With the pictures set aside, write out all of the data exactly as it stands.

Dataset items
# # #
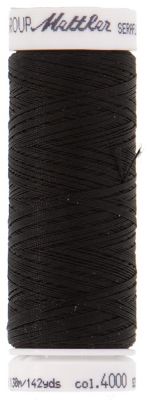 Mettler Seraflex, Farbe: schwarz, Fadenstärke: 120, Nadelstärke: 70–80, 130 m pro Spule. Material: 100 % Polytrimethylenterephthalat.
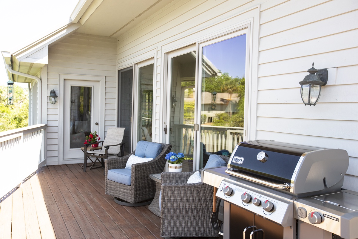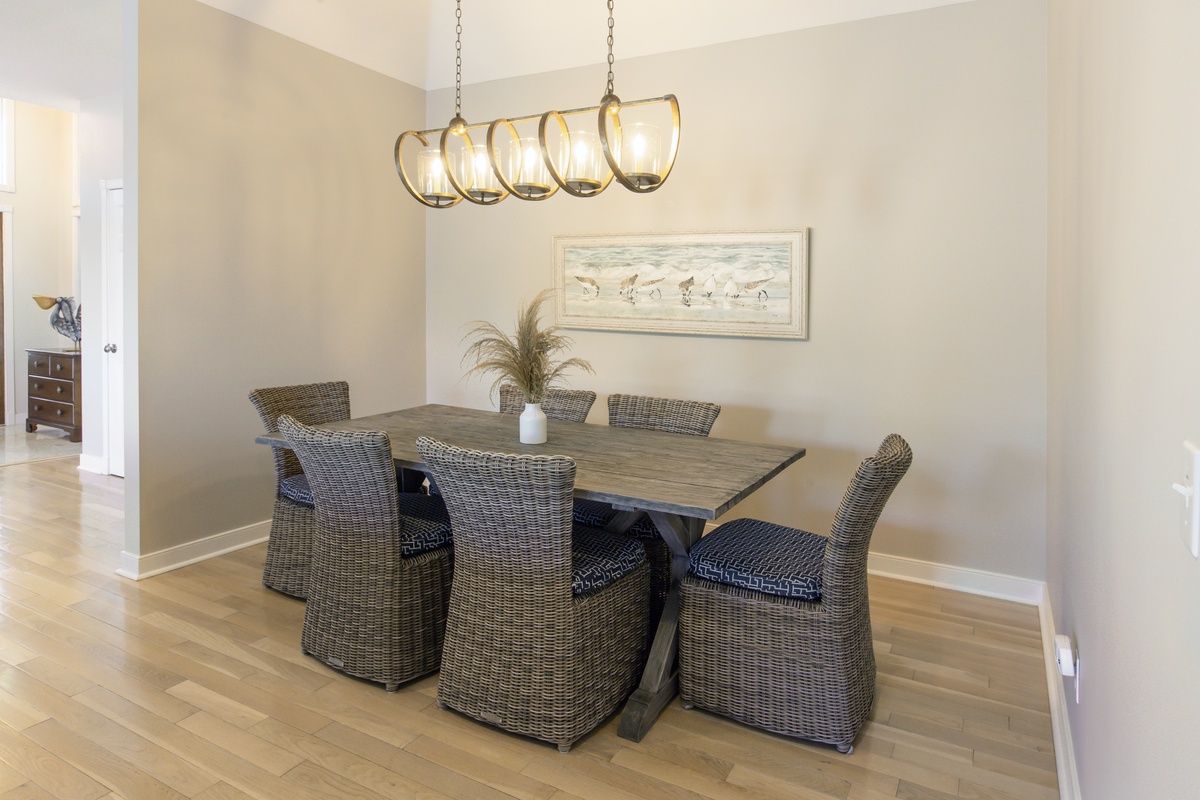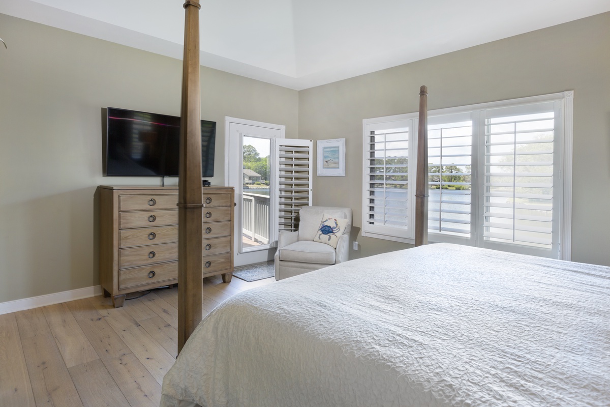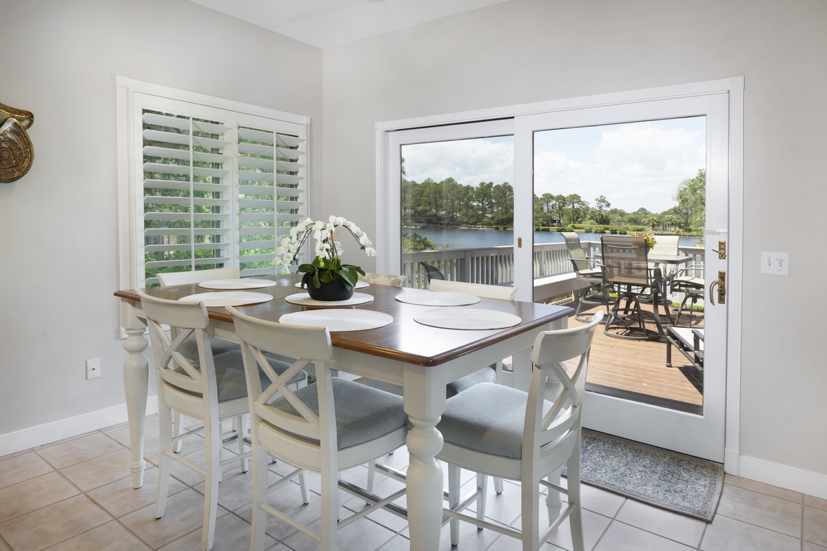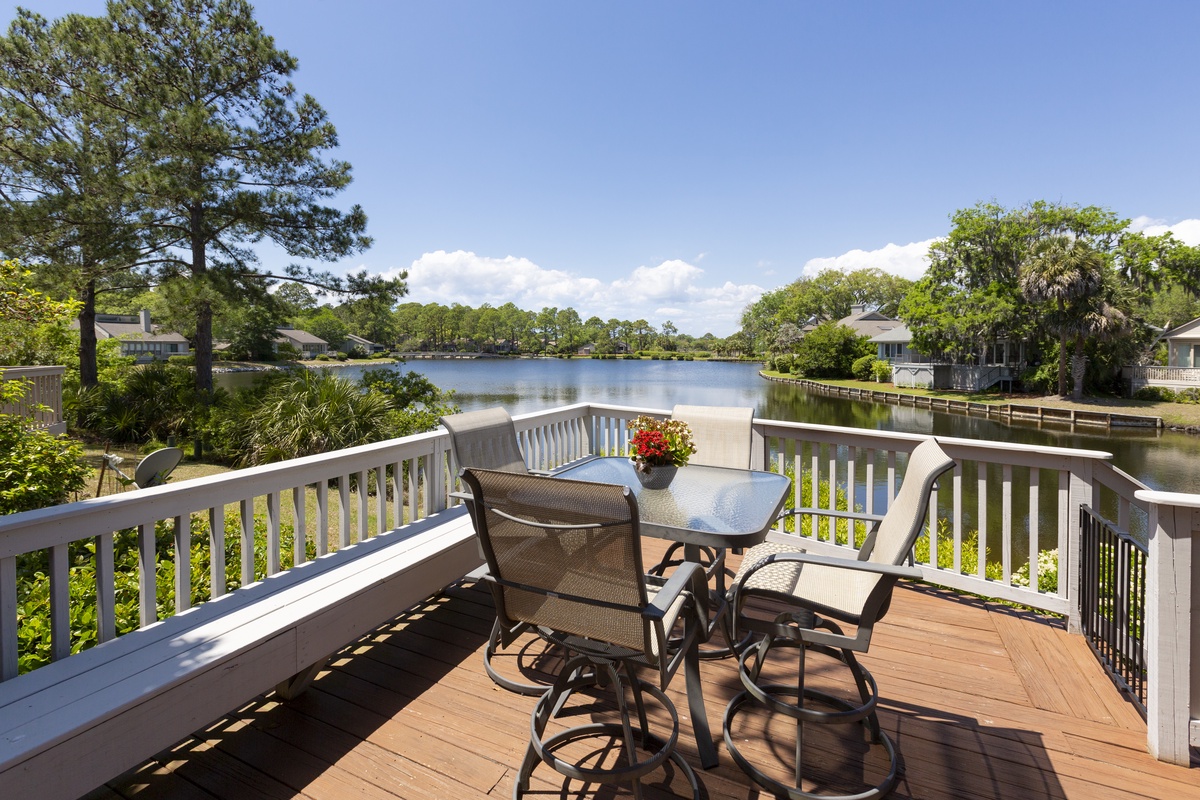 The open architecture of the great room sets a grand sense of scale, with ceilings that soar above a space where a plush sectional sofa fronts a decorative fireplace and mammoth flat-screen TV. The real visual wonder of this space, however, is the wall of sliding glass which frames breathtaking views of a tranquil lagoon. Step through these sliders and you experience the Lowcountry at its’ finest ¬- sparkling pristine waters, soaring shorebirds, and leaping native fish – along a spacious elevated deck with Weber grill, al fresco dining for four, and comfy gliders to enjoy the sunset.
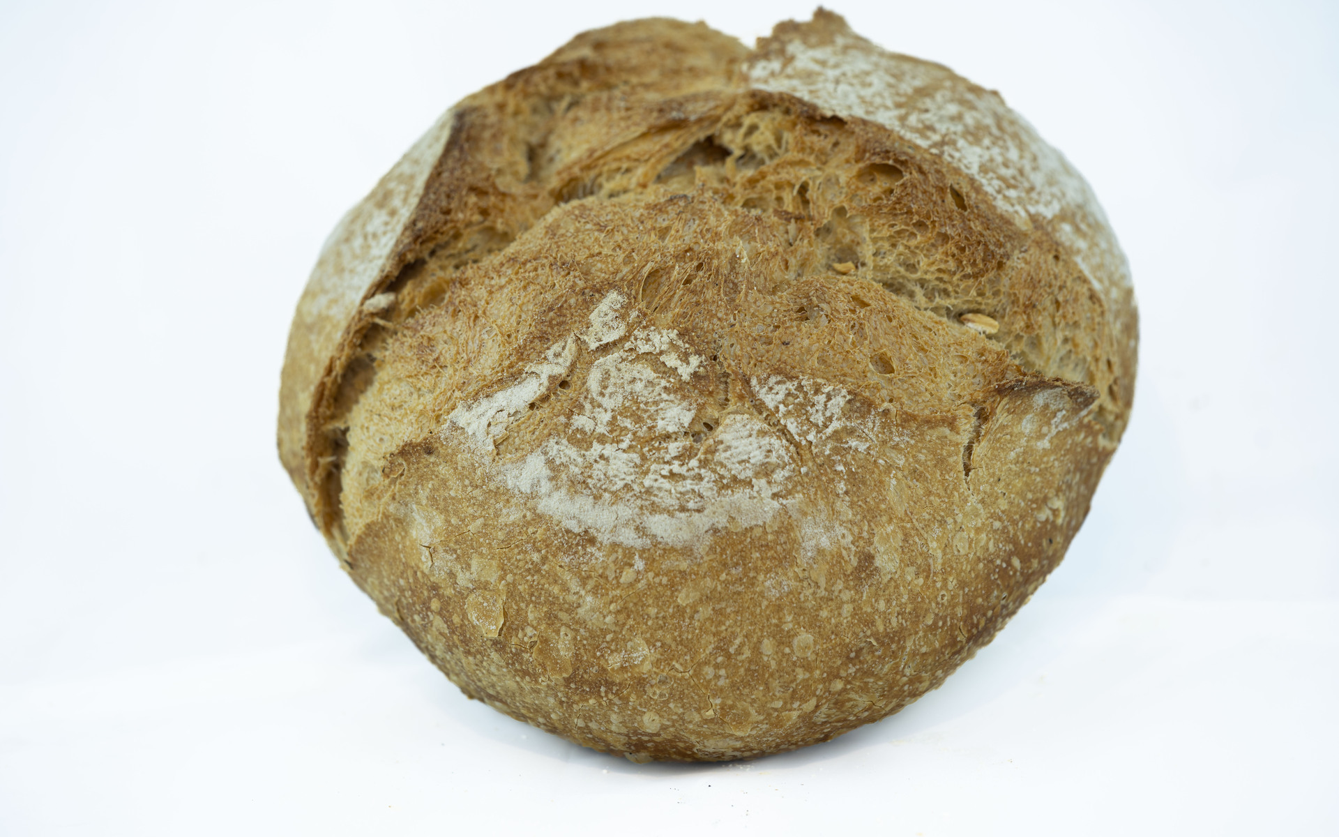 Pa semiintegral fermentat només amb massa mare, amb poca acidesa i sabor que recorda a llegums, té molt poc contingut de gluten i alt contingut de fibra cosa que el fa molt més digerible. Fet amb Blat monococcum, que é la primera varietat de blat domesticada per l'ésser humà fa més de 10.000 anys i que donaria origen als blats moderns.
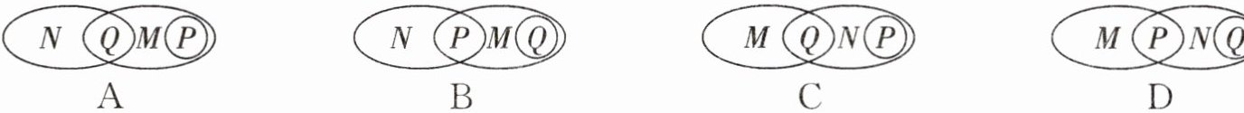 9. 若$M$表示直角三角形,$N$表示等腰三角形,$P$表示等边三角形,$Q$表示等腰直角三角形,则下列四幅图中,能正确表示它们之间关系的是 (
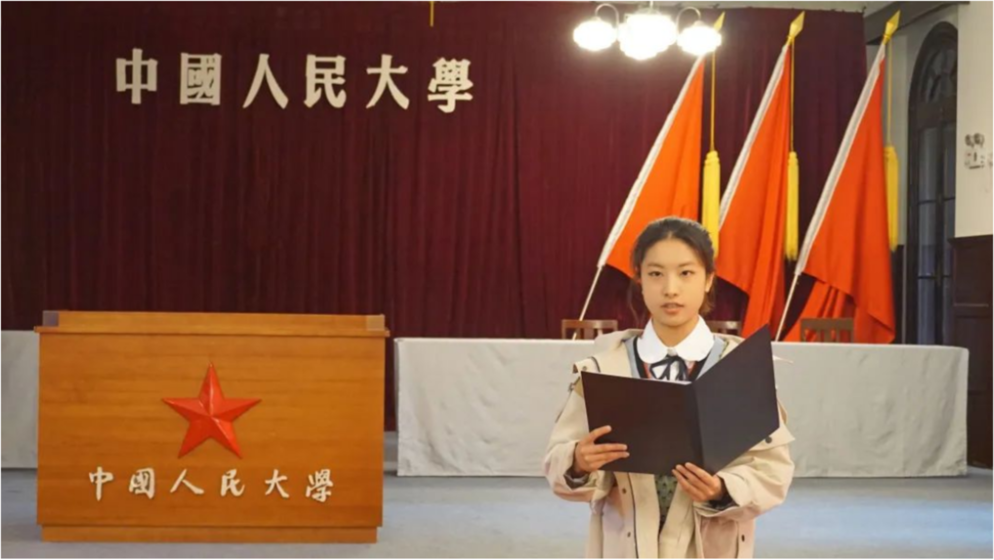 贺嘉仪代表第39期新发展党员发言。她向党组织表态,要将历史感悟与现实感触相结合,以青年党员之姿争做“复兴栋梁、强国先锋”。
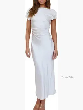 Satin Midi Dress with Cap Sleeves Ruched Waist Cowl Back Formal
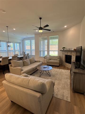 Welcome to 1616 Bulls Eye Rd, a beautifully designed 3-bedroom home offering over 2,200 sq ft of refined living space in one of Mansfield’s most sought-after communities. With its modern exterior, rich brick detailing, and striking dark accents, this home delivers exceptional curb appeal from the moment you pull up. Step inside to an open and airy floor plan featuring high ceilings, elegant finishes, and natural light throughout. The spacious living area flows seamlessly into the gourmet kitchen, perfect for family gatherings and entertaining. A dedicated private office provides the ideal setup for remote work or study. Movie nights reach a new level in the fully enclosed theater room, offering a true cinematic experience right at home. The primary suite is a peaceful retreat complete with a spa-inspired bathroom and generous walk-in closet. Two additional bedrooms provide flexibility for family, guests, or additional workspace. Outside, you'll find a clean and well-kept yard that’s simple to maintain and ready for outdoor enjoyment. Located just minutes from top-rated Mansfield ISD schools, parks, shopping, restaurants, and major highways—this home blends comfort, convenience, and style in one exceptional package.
# # #
_THE COMPLETED TASK_
 Mettler Seraflex, Farbe: schwarz, Fadenstärke: 120, Nadelstärke: 70–80, 130 m pro Spule. Material: 100 % Polytrimethylenterephthalat.
 The open architecture of the great room sets a grand sense of scale, with ceilings that soar above a space where a plush sectional sofa fronts a decorative fireplace and mammoth flat-screen TV. The real visual wonder of this space, however, is the wall of sliding glass which frames breathtaking views of a tranquil lagoon. Step through these sliders and you experience the Lowcountry at its’ finest ¬- sparkling pristine waters, soaring shorebirds, and leaping native fish – along a spacious elevated deck with Weber grill, al fresco dining for four, and comfy gliders to enjoy the sunset.
 Pa semiintegral fermentat només amb massa mare, amb poca acidesa i sabor que recorda a llegums, té molt poc contingut de gluten i alt contingut de fibra cosa que el fa molt més digerible. Fet amb Blat monococcum, que é la primera varietat de blat domesticada per l'ésser humà fa més de 10.000 anys i que donaria origen als blats moderns.
 9. 若$M$表示直角三角形,$N$表示等腰三角形,$P$表示等边三角形,$Q$表示等腰直角三角形,则下列四幅图中,能正确表示它们之间关系的是 (
 贺嘉仪代表第39期新发展党员发言。她向党组织表态,要将历史感悟与现实感触相结合,以青年党员之姿争做“复兴栋梁、强国先锋”。
 Satin Midi Dress with Cap Sleeves Ruched Waist Cowl Back Formal
 Welcome to 1616 Bulls Eye Rd, a beautifully designed 3-bedroom home offering over 2,200 sq ft of refined living space in one of Mansfield’s most sought-after communities. With its modern exterior, rich brick detailing, and striking dark accents, this home delivers exceptional curb appeal from the moment you pull up. Step inside to an open and airy floor plan featuring high ceilings, elegant finishes, and natural light throughout. The spacious living area flows seamlessly into the gourmet kitchen, perfect for family gatherings and entertaining. A dedicated private office provides the ideal setup for remote work or study. Movie nights reach a new level in the fully enclosed theater room, offering a true cinematic experience right at home. The primary suite is a peaceful retreat complete with a spa-inspired bathroom and generous walk-in closet. Two additional bedrooms provide flexibility for family, guests, or additional workspace. Outside, you'll find a clean and well-kept yard that’s simple to maintain and ready for outdoor enjoyment. Located just minutes from top-rated Mansfield ISD schools, parks, shopping, restaurants, and major highways—this home blends comfort, convenience, and style in one exceptional package.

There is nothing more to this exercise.